Oak Hill Cemetery, 1996 foto of a stand of Bur Oaks and Shagbark Hickories.
in the SE corner. Today these trees are gone.
source: Iowa State Historical Preservation Office
Finals next week. I have one more paper and presentation to prepare and present. This last paper of the semester focuses on one small aspect of my thesis and it has been enlightening in that I have had to accept some hard realities about Oak Hill Cemetery in Cedar Rapids, IA. Does it still possess enough integrity for a listing on the National Register? I am saddened because this close-up look has revealed irreversible changes over the years, the loss of important elements of the original design. It still has the old bones of a Grand Dame, but these are really old bones.
I guess that is my challenge....to build an argument that this cultural landscape is worth recognition as historically significant with the integrity to back up that significance. It not only represents the Midwestern 'lawn' version of a 'rural' cemetery, but it was also a designed landscape of H.W.S. Cleveland, one of the early practitioners of landscape architecture. He envisioned this burial landscape in the context of the Midwest during a period when cemeteries served as parks and green spaces for growing Midwestern towns and cities in the mid-to late-19th century.
Fotos are few and far between. I have scoured the archives of several libraries, several on-line postcard sellers, and put out a call on the OHC's Facebook page. So far nothing. The on-line archival newspapers for the area have been my salvation. Some of these articles dating back to the late 1860s describe in great length some aspect of the cemetery.
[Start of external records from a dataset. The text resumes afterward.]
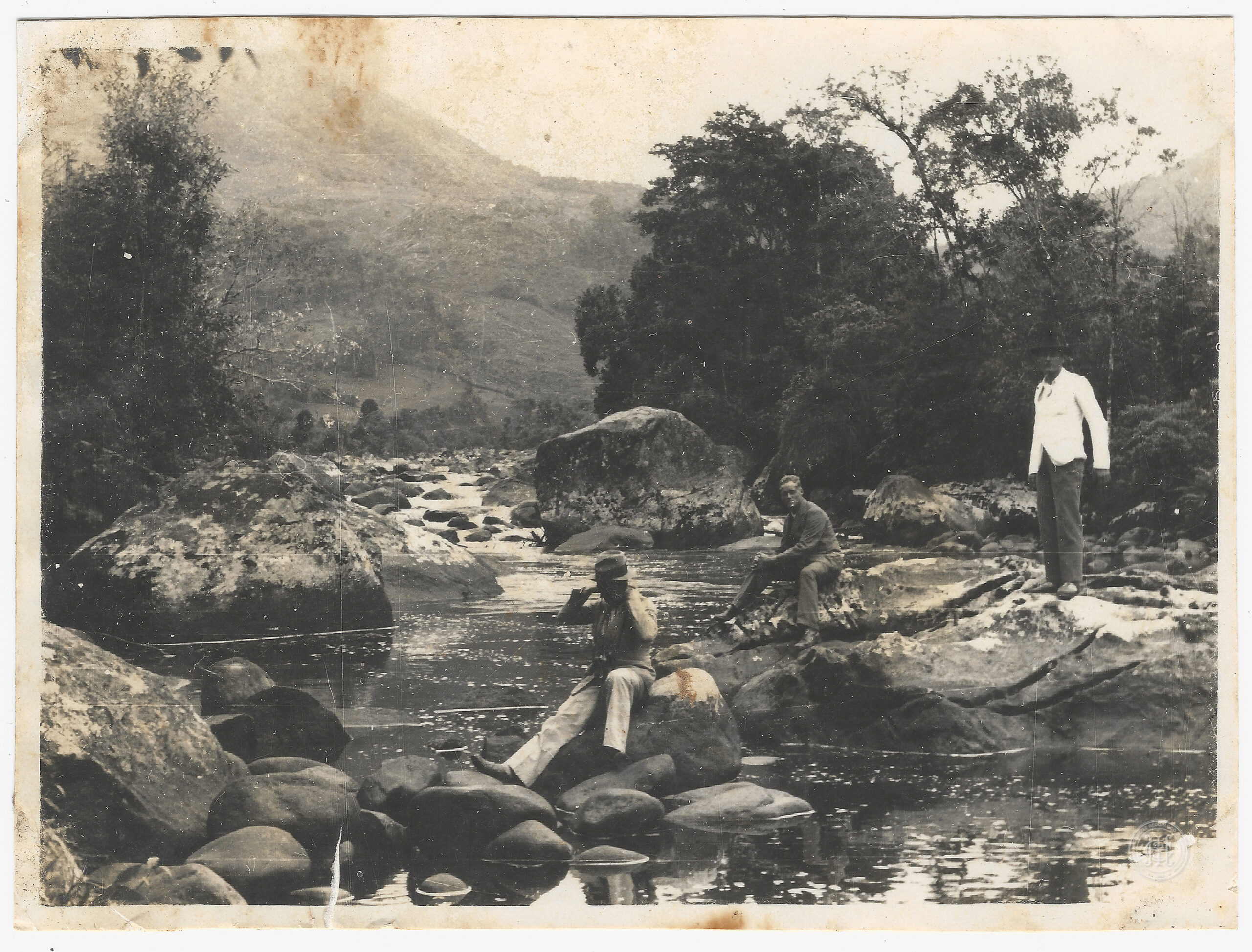A composição organiza-se em torno de um curso d'água pedregoso que atravessa a imagem do plano médio em direção ao fundo. Em primeiro plano, três homens em trajes civis ocupam a margem direita do rio; um deles está sentado sobre uma rocha ao centro, vestindo calças claras e chapéu, em postura de ajuste do acessório, um segundo indivíduo está sentado em uma rocha mais elevada ao fundo, à direita, e um terceiro homem permanece em pé na extremidade direita, vestindo paletó claro e chapéu.
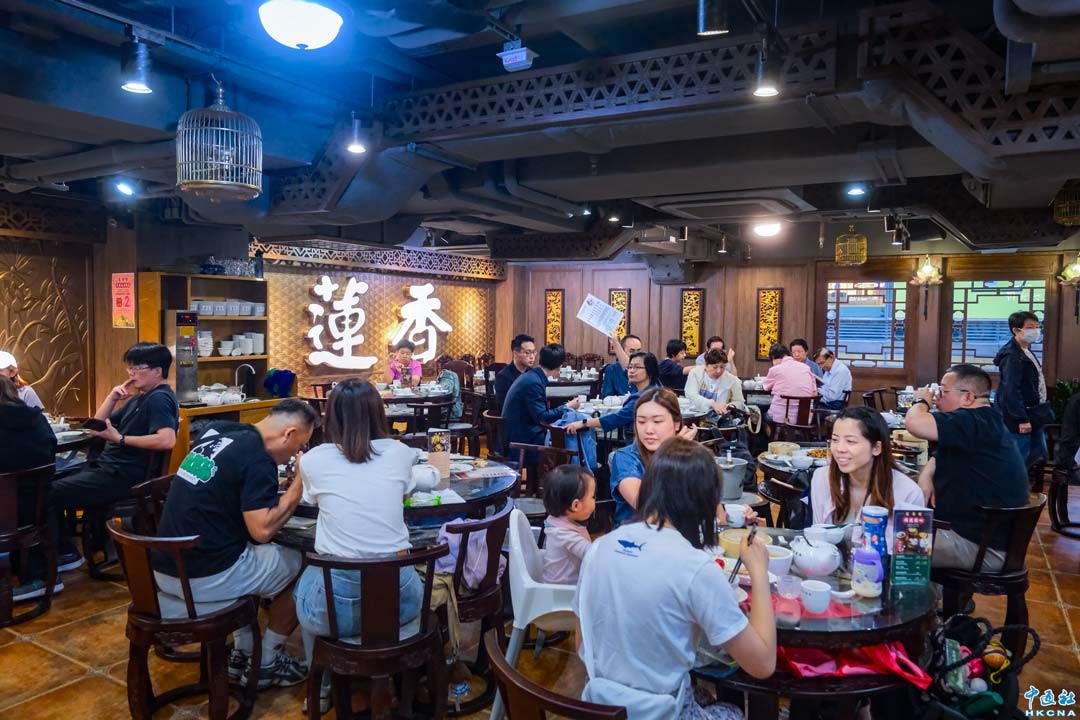 早前,香港百年老字號茶樓蓮香樓在尖沙咀開設首間分店,連日來吸引了不少市民前來打卡、品嘗美食,新店分為上下兩層,面積超過9,000平方呎,每日24小時營業,帶來全新飲茶文化。(香港中通社記者 許其皓攝)
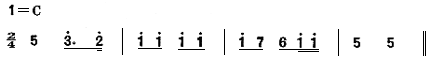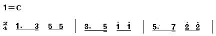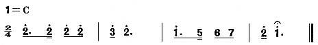第二部分(B)的第一、二乐句,是第一部分第一乐句的变化反复,接着出现了连续上行的自由模进,把歌曲推向第一个高潮:
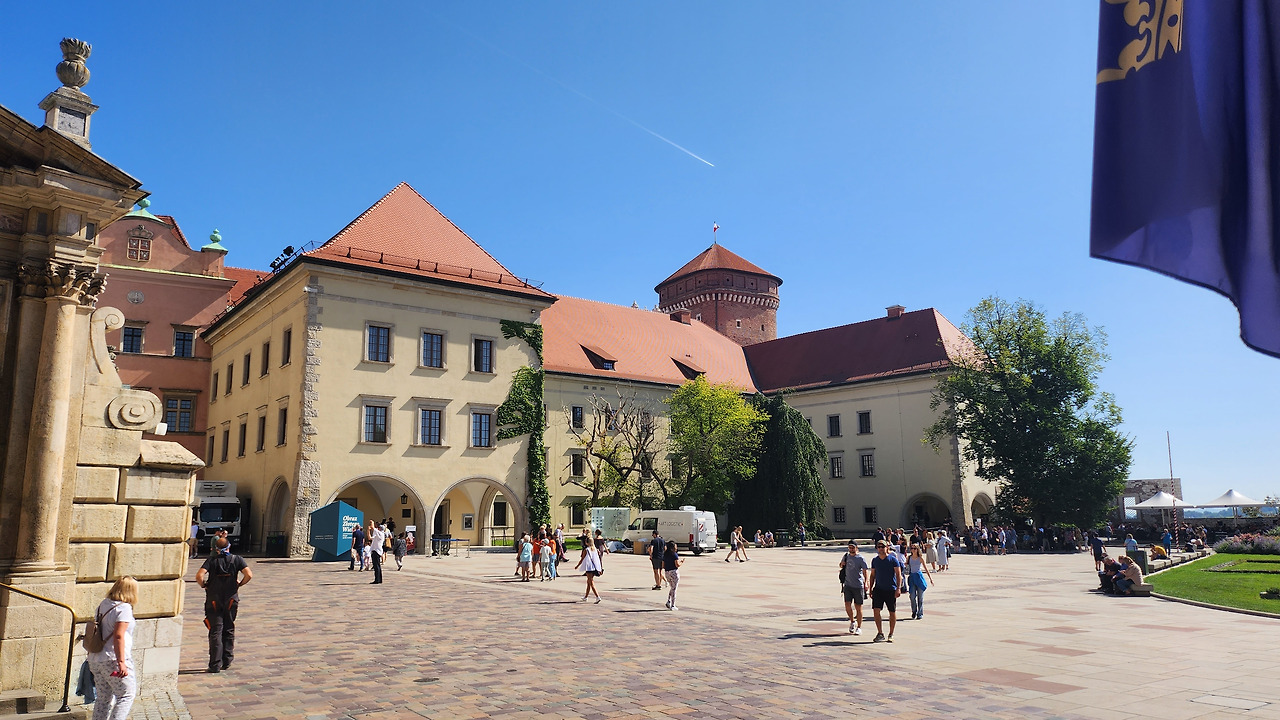 유대인 거리로 가기 전에 바벨 성에 들렀다. 궁전만큼 화려하지는 않았지만 규모는 그 이상이었다. 겉보기와는 다르게 내부가 썩 인상 깊지는 않았다. 지그문트 종을 보러 좁은 탑을 통해 올라갔는데, 먼저 올라가 있는 사람들이 그 거대한 종을 만지며 소원을 빌고 있었다. 너무 사람이 많아 만지지는 않고 도시 전망만 슬쩍 보고 다시 내려갔다. 성 밖으로 나가서 청명한 하늘 아래 있는 성을 다시 보니 예뻐서 동행과 서로 열심히 사진을 찍어주었다. 이후 더 남쪽으로 가서 유대인 거리를 돌아다녔다. 유대인 거리는 분위기가 많이 달랐다. 깔끔한 파스텔 톤의 건물들과 갈색 벽돌로 이루어진 성벽들로 이루어진 구시가지와는 다르게, 돌벽에 낙서도 많고 지저분했다. 어떤 유대인 회당이 보여 들어가 보려 했으나, 입장료를 걷길래 들어가지 않고 바로 점심을 먹을 식당을 둘러보았다. 구글맵도 활용해 평이 좋은 Plac Nowy 1에 갔다. 피자 하나와 파스타 하나를 주문했다. 잠시 후 종업원이 음식을 가져왔는데 당혹 네 종류의 치즈가 들어간 피자와 치즈 파스타를 가지고 오는 종업원을 보고 당혹스러움을 감추지 못했다. 음식에 대한 설명이 폴란드어로 되어 있어 제대로 알아보지 못한 탓이었다. 그래도 최대한 다 먹기 위해 음료를 한 잔씩 추가로 주문하여 그 느끼함을 중화시키려는 노력도 했지만, 피자 3조각에 파스타는 절반을 남긴 채로 식당을 나올 수밖에 없었다.

There were editorials about the felling of the hard maples and elms that lined old Mt. Vernon Road; the re-surfacing of the roads up to and into the cemetery, the new granite gatehouse and trolley stop with its matching cut-boulder fence and iron gate; and the lake that was dug and waiting to be filled within a few days with spring water piped from a hillside between the cemetery and the Cedar River.
These articles are all I have to go on. It was exciting to find them after days of reading and searching. It has been disheartening to realize that so much of this landscape has been altered, or in such disrepair, that someone from Cedar Rapid's past might not recognize this final resting place for their loved ones.